Human resource specialists are responsible for everything from delivering to processing awards, promotions, official reprimands and changes of duty stations to delivering the freaking mail, (Another one of those key components of morale) and as anyone who has spent more then 5 minutes in the Army will tell you, They are awful at their jobs.

Paperwork is lost constantly, which can mean (as happened to me personally) delayed vacations, or (as thankfully did not happen to me) delayed promotions.

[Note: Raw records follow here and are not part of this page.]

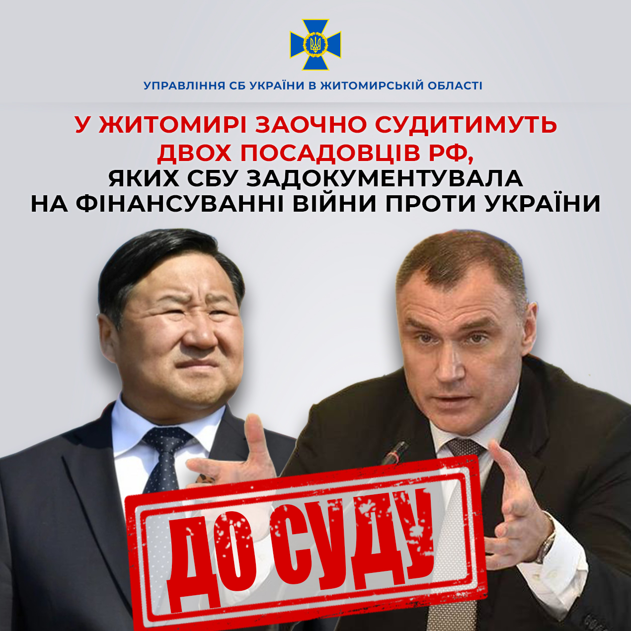 Слідчі Служби безпеки Житомирщини завершили досудове розслідування щодо голів двох республік рф, причетних до фінансування російської армії у війні проти України.
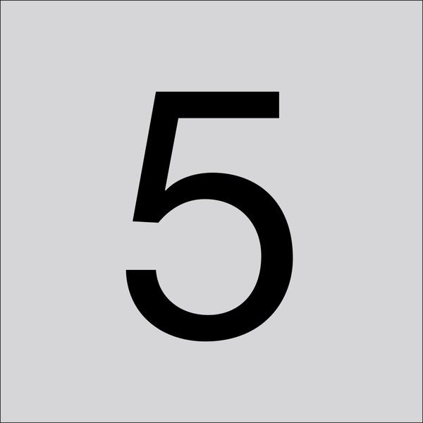 Selbstklebende Ziffern und Buchstaben. Zeichen: 5, Höhe 120 mm. Für Serie: Die superflache Hausnummernleuchte.
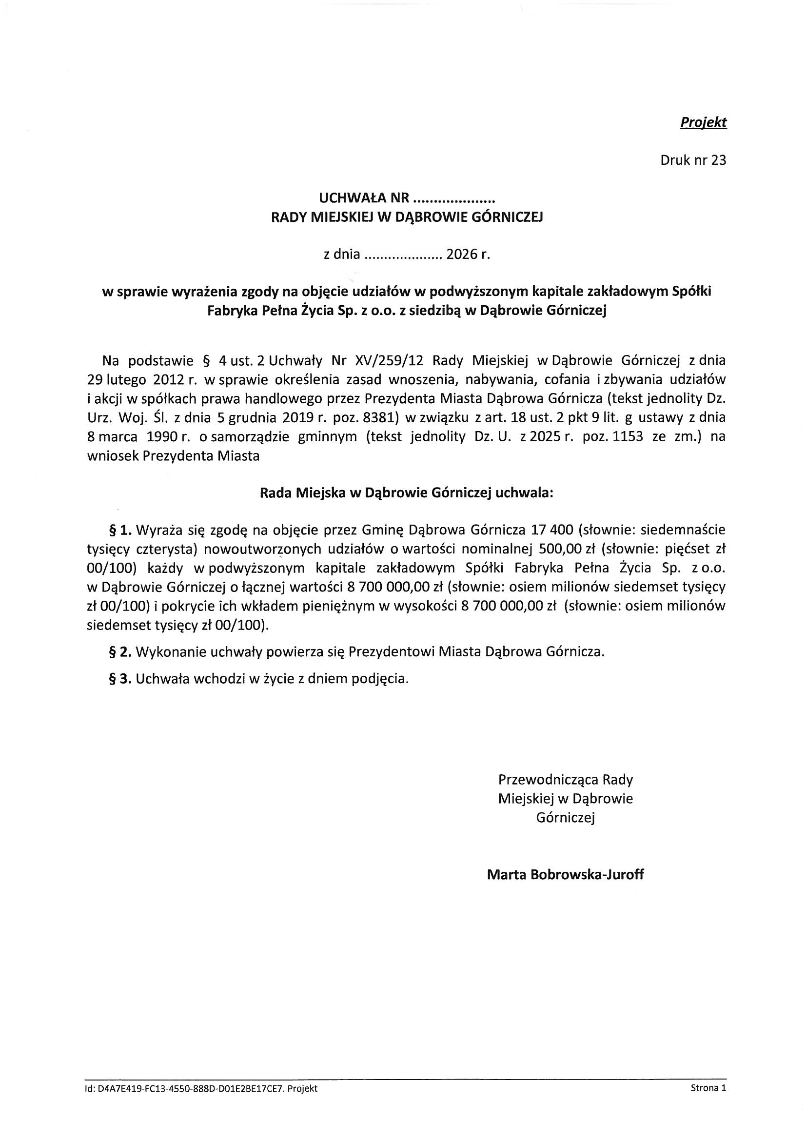 W dniu 05.02.2026 r., zgodnie z wnioskiem Prezydenta Miasta odbyła się nadzwyczajna sesja Rady Miejskiej Dąbrowy Górniczej, która również zgodnie z moimi przewidywaniami przyjęła projekty uchwał przekazujące spółce gminnej Fabryka Pełna Życia Sp. z o.o. w sumie 14,211 mln zł za objęcie 28422 udziałów po 500 zł każdy, w podwyższonym kapitale zakładowym tejże spółki. Przyczyny tej wtopy przedstawiłem we wpisie: FPŻ Sp. z o.o. – wtopa!. Również wyartykułowałem wtedy moje żądania jako mieszkańca, czyli dymisji Prezesa spółki FPŻ Sp. z o.o. (najlepiej całego zarządu), przewodniczącego Rady Nadzorczej FPŻ Sp. z o.o., Prezesa PM MZUM.PL S.A., przewodniczącego Rady Nadzorczej PM MZUM.PL S.A., Naczelnika Wydziału Nadzoru i Kontroli, a na końcu Prezydenta Miasta. Nazwiska proszę sobie wyszukać i dopasować. Nie chodzi mi o nazwiska, ale o pełnione funkcje z szerokim zakresem odpowiedzialności i korzyści finansowych!
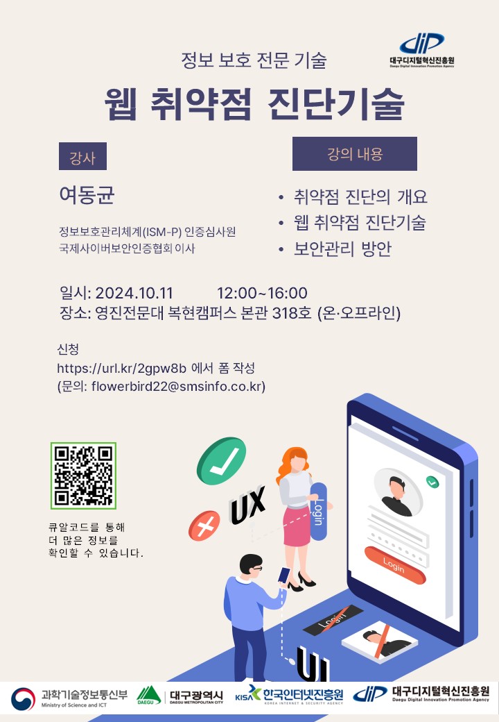 2024년 정보보호 전문교육을 9월 20일부터 11월 15일까지 매주 금요일 오후 2시에 대구디지털혁신진흥원에서 진행합니다.
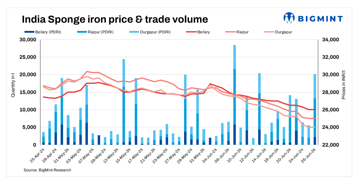 Sponge iron prices in all key locations in India decreased by INR 100-200/tonne (t) on 26 June, 2024.
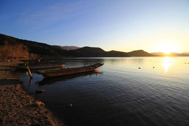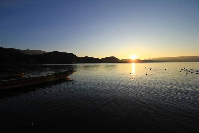 泸沽湖的日出很美,由于到的比较晚,没有赶上坐船,不过在湖边看也挺好的。
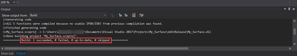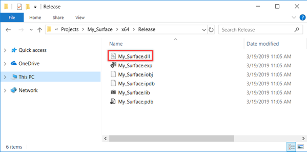 這個(gè)DLL會(huì)在solution文件夾下。對(duì)于“My_Surface”這個(gè)項(xiàng)目而言,該DLL會(huì)在{Project directory}\My_Surface\x64\Release。

As frustrating as these situations may be, you still can’t afford to blow your top when dealing with S1, because if you piss them off they’ll simply drag their feet all the more, and who’s going to stop them? Even your unit commander is afraid of them.

Instead, try to befriend at least one of the HR folks in your unit, they might still mess up your paperwork every now and again, but at least they’ll feel bad about screwing over a friend, and try to rectify the problem.

My in at the HR office was a young Kentuckian who lived on my floor at the barracks, who shared with me a love for cheap whiskey and Clint Eastwood. After a couple drunken weekends of Mexican stand offs and terrible Italian overdubbing, I had a friend and insurance against missing my next leave date. 

If you fail to befriend any of these people, because you are a social incompetent, the least you can do is make nice with the guy next to you, because god knows, if things get hairy, he’s the only one that will really matter.